▶ **Problem details**: Restate the data exactly as given and keep the pictures out.

▶ **Raw data**:
*** Begin section ***

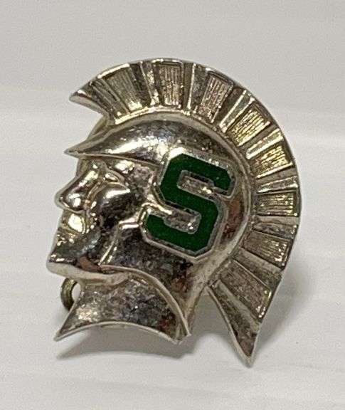 Sterling silver Michigan State University Spartans Terry Berry brand pin, 1/2"H, great; Except where specifically noted, jewelry lots have not been authenticated. Stone authenticity is not guaranteed by Albrecht Auction and should be personally determined by bidder prior to bidding. Jewelry with precious metal content will be listed as being marked or stamped. Jewelry that is not marked or stamped should not be assumed to contain precious metal content.
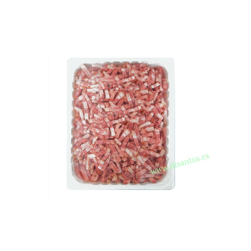 Es un producto para restaurantes, pizzerias o bares, se lonchea sobre pedido, en pequeños lotes, y nos adaptadamos a sus necesidades y formatos, tanto en pequeñas cantidades como en formatos mas grandes. Nuestro bacon es sin piel, limpio y sin corteza aprovechando todo el producto.
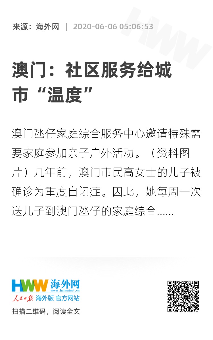 据澳门特区政府社会工作局职务主管黄柏基介绍,澳门共有36个以家庭为对象的社区服务中心,员工共400人,其中专业社工160人。去年一共服务了30万户家庭,跟进了200个家庭个案。

*** End section ***

▶ **Response area**:
 Sterling silver Michigan State University Spartans Terry Berry brand pin, 1/2"H, great; Except where specifically noted, jewelry lots have not been authenticated. Stone authenticity is not guaranteed by Albrecht Auction and should be personally determined by bidder prior to bidding. Jewelry with precious metal content will be listed as being marked or stamped. Jewelry that is not marked or stamped should not be assumed to contain precious metal content.
 Es un producto para restaurantes, pizzerias o bares, se lonchea sobre pedido, en pequeños lotes, y nos adaptadamos a sus necesidades y formatos, tanto en pequeñas cantidades como en formatos mas grandes. Nuestro bacon es sin piel, limpio y sin corteza aprovechando todo el producto.
 据澳门特区政府社会工作局职务主管黄柏基介绍,澳门共有36个以家庭为对象的社区服务中心,员工共400人,其中专业社工160人。去年一共服务了30万户家庭,跟进了200个家庭个案。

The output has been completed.